Saturday, May 16, 2009

More On CMBS
The Wall Street Journal had an article this week on General Growth's bankruptcy filing and how it took 168 of its mall properties with in into bankruptcy. All these properties have loans that are in CMBS. This is no small issue because the article states General Growth is the largest CMBS borrower in the United States. Here are a few excerpts:
General Growth's action has rattled investors throughout the $700 billion market for securities backed by commercial mortgages, or CMBS. Investors in other deals had also figured their investment was insulated from a parent company's bankruptcy. Now they're worried that General Growth's move will set a precedent that could affect them.
For tenant in common investors this is interesting:
In past years, to get the malls' mortgages, General Growth had set up 166 "special purpose entities" whose sole purpose was to borrow money. SPEs are attractive to lenders because, according to legal experts, they are "bankruptcy remote," meaning their cash flows are dedicated to paying debt service. The lenders issued securities backed by the SPEs. Holders of securities expect the structure would ensure they'd be paid even if the parent company went bust.
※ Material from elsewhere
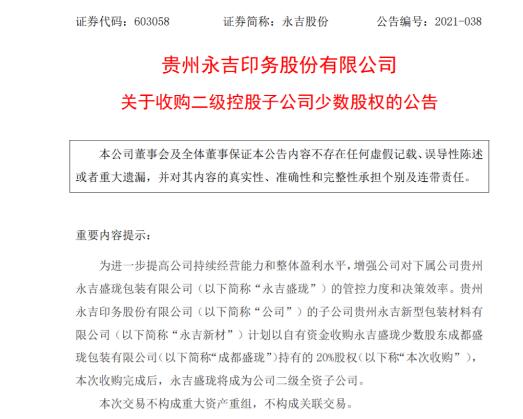 貴州永吉印務股份有限公司(永吉股份,SH603058)5月5日發布公告稱,為進一步提高公司持續經營能力和整體盈利水平,增強公司對下屬公司貴州永吉盛瓏包裝有限公司的管控力度和決策效率。貴州永吉印務股份有限公司的子公司貴州永吉新型包裝材料有限公司計劃以自有資金收購永吉盛瓏少數股東成都盛瓏包裝有限公司持有的20%股權,本次收購完成后,永吉盛瓏將成為公司二級全資子公司。  交易概述 為進一步提高公司持續經營能力和整體盈利水平,增強公司對下屬公司永吉 盛瓏的管控力度和決策效率,永吉新材計劃使用自有資金收購永吉盛瓏少數股東成都盛瓏持有的20%股權本次交易價格由各方依據永吉新材聘請的評估機構對目標公司出具的估值結果協商確定;成都盛瓏應獲得的交易總對價原則上為目標公司估值與其在截至本次交易的正式協議簽署時的持股比例的乘積。本次收購完成后,永吉盛瓏將成為公司二級全資子公司。 截至目前,公司已與交易對方簽署了股權轉讓框架協議,本次交易尚需簽署正式股權轉讓協議。 交易對方及交易標的基本情況 交易對方基本情況: 統一社會信用代碼:915101846936728025 名稱:成都盛瓏包裝有限公司 類型:有限責任公司(自然人投資或控股) 法定代表人:梅桂陽 注冊資本:300萬人民幣 住所:成都崇州經濟開發區華業路 營業期限:無固定期限 經營范圍:生產銷售包裝制品;以及其他無需許可或審批的合法項目 股東情況:梅桂陽持股50%,林勇坤持股50%。 交易標的基本情況: (一)本次交易標的系成都盛瓏持有的永吉盛瓏全部20%股權。該股權不存 在抵押、質押或者其他第三人權利,不涉及重大爭議、訴訟或仲裁事項,也不存在查封、凍結等司法措施等情形。 (二)標的公司的基本情況 統一社會信用代碼:91522730MA6HJ3NF4N 名稱:貴州永吉盛瓏包裝材料有限公司 類型:有限責任公司 法定代表人:黃革 實收資本:2250萬元人民幣 住所:貴州省黔南州龍里縣冠山街道高新技術產業園 營業期限:2019-01-23至無固定期限 經營范圍:法律、法規、國務院決定規定禁止的不得經營;法律、法規、國務院決定規定應當許可(審批)的,經審批機關批準后憑許可文件經營。法律、法規、國務院決定無需許可的,市場主體自主選擇經營。(酒盒,手工盒、食品包裝及其他紙制品包裝的加工銷售。)股東情況:子公司永吉新材持股80%,成都盛瓏持股20%。 股權轉讓框架協議 本次收購的交易協議簽署截至目前,永吉股份已與交易對方及對方實際控制人簽署了附條件生效的《貴州永吉盛瓏包裝有限公司股權轉讓框架協議》。該協議主要內容如下: 甲方:貴州永吉新型包裝材料有限公司 乙方:成都盛瓏包裝有限公司 丙方:梅桂陽(成都盛瓏實際控制人、永吉盛瓏總經理) (一)股權購買 甲方擬現金收購乙方持有的目標公司20%股權,乙方同意將其持有的標的股權轉讓給甲方。 (二)購買價款本次交易價格依據甲方聘請的評估機構對目標公司出具的估值結果協商確定;乙方應獲得的交易總對價原則上為目標公司估值與其在截至本次交易的正式協議簽署時的持股比例的乘積。 (三)支付方式甲方擬通過支付現金的方式支付本次交易的對價。 (四)排他性 自本框架協議生效之日起2個月內或各方書面終止本框架協議之日止,乙方、丙方未經甲方書面許可均不得直接或間接與甲方以外的任何第三方進行可能妨 礙本框架協議履行或本次交易完成的任何磋商或談判,不得與甲方以外的任何第三方簽署任何可能妨礙本次交易完成的協議或作出其他任何可能妨礙本次交易完成的安排。 (五)業績與承諾 1、乙方及丙方承諾,乙方對標的公司的出資應在正式的股權轉讓協議簽訂 前全部實繳到位,且在標的股權轉讓完成后,目標公司現有的所有業務于2021年、2022年、2023年(以下簡稱“業績承諾期”)實現的銷售收入分別為:15000萬元、25000萬元、50000萬元。丙方同意在正式的股權轉讓協議簽訂后的30天內出資人民幣450萬元通過二級市場購買貴州永吉印務股份有限公司的流通股,該流通股根據目標公司的業績完成情況逐年解鎖,解鎖的比例為第一年40%、第二年30%、第三年30%。 2、如目標公司在業績承諾期內任何一年度未能實現當年承諾的銷售收入,丙方應在目標公司該年度經審計的財務數據出具后30日內,以其初始購買的永吉股份流通股的價款為限,在其該年度鎖定的股票范圍內,按照其當年未完成業績承諾的比例,等比例將差額部分補償予目標公司,同比例對目標公司進行現金補充,丙方未進行現金補償的,該解鎖部分不得解鎖,直至該差額部分完成現金補償補足為止。【差額計算公式如下:450*當年解鎖比例*(當年承諾銷售收入-當年已完成銷售額)/當年承諾銷售收入】 3、勤勉盡責和競業禁止義務:(1)標的股權轉讓完成后(即股權完成變更登記后)三年內,丙方應繼續留任目標公司,并應勤勉盡責的完整目標公司的各項工作;(2)在丙方任職期間,未經甲方同意,不得以任何方式從事與目標公司具有競爭關系的行業的相關業務;(3)不論丙方因何種原因從目標公司離職,丙方離職后三年內不得以任何方式從事與目標公司具有競爭關系的行業的相關業務:(4)在丙方任職期間以及離職后三年內,乙方不得與目標公司正在合作的或潛在具有合作關系的客戶接觸或以任何方式與該等客戶產生合作、聯營等業務關系。 4、各方應在各自能

This should give tenant in common investors pause:
A major issue in the bankruptcy case is General Growth's request to draw cash flow from its malls and use it at the corporate level or in other areas of the company. Such transfers of money within the corporate structure used to be routine at General Growth, as they are at other similarly structured real-estate companies. But, now that General Growth is in Chapter 11, its CMBS lenders want to enforce the malls' status as separate entities and keep the malls' extra cash flow from being siphoned away to pay other creditors, namely unsecured lenders.
I think DBSI, the failed tenant in common syndicator, tried this same maneuver. I don't think that General Growth is going to get away with this move, and I think it would be even harder for a TIC sponsor to try and take investor money. The Special Purpose Entities (SPEs) that the CMBS lenders required to protect them from a single investor bankruptcy (TICs had up to thirty-five investors, each that was required to form a SPE) may eventually help the TIC investors. General Growth's bankruptcy will give a good indication of what's ahead for investors in TIC deals with poorly capitalized sponsors.